In recent years the Premier League has taken on a different look, with a top six forming of Manchester United, Manchester City, Chelsea, Arsenal, Liverpool and Tottenham. A peloton has formed behind the leaders however, consisting of Southampton, Swansea and Stoke. Should Everton perform like they can, the Toffees will join that group as well. Do any of these teams have the ability to make the step up, or is the Europa League just The Man’s way of maintaining the status quo?

GOAL! AND ANOTHER! Who will grab the golden boot?

'Lynn, I'm not signing Christian Benteke. I will talk over you.'

The top two strikers in the Premier League are Sergio Aguero and Diego Costa, but can anyone challenge them for the golden boot this year?

Wayne Rooney might be your best bet. With RvP and Falcao leaving, Rooney is undoubtedly United’s main attacking option. Turning 30 this year, the former Everton player will be focused on securing his place in van Gaal’s plans.

Elsewhere, Christian Benteke will look to add to three impressive seasons of Premier League football. The Belgian will have the likes of Firmino, Coutinho and Adam Lallana behind him, and with his price tag and Daniel Sturridge’s lack of fitness, might this be the chance for him to elevate himself to world class status?

Finally: Harry Kane.

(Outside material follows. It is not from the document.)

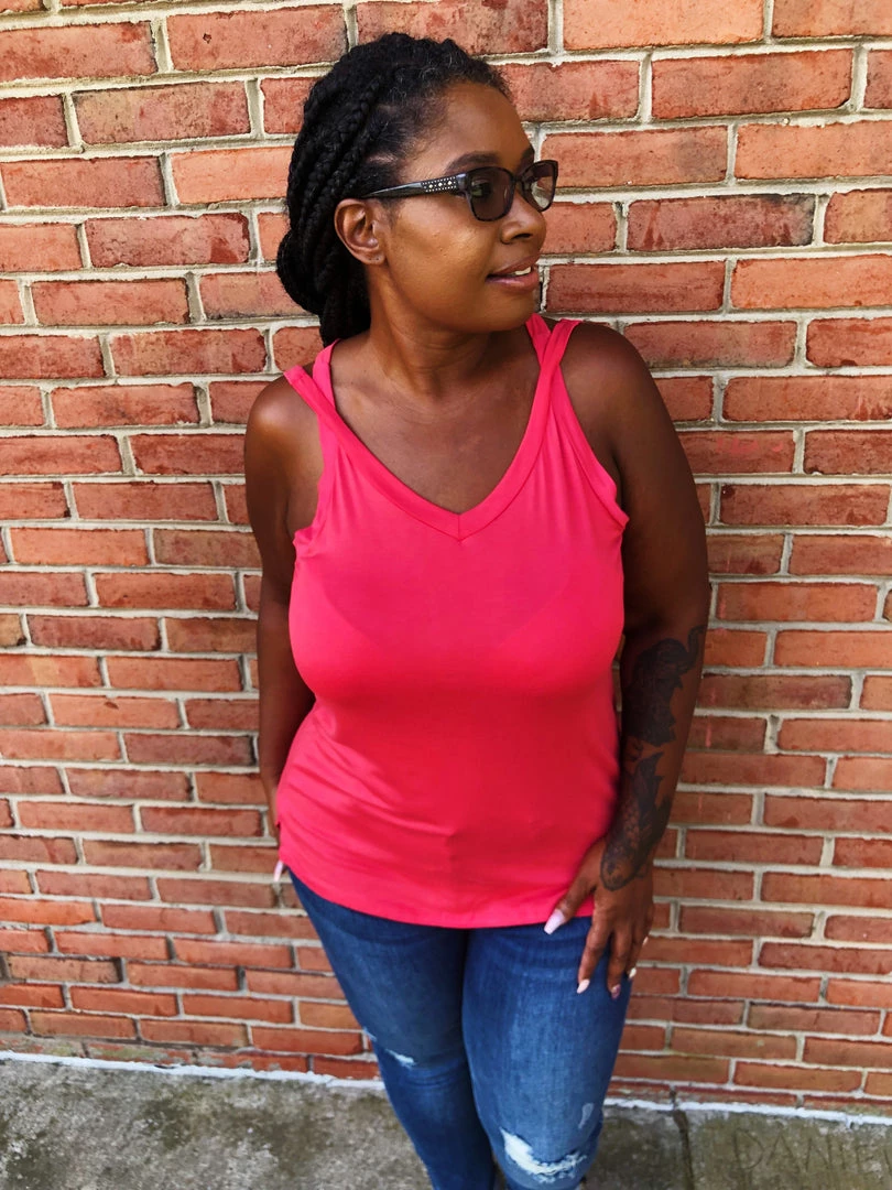 This gorgeous brightly colored tank top is SO soft and features a criss cross strap on the shoulder to add a unique edge to this top. This top features a v-neck and two small slits on the sides to ensure this top molds to compliments your body just right.Β

His was the fairytale story of last season, scoring 21 goals and increasing his fantasy football price considerably. The question is whether it was all a dream, or if the young Englishman will continue to stick the ball in various onion bags across the country.

Will the Premier League experience success in Europe?

England’s UEFA coefficient is under threat!

The Allianz Arena, one of many stadia you won't be able
to watch on terrestrial TV this season.

Relax, it’s not quite that bad, but England’s cushy fourth Champions League qualifying spot may be given to someone else if clubs from these shores fail to perform in the Champions League and Europa League this season.

After last 16 CL exits for Chelsea, Arsenal and Man City, as well as our poor showing in the Europa League, Italy have moved into a good position to take that fourth qualifying spot over the next couple of years.

Not that it matters, only about five people will be able to watch it this season anyway... LASAGNE.

Enjoy the season!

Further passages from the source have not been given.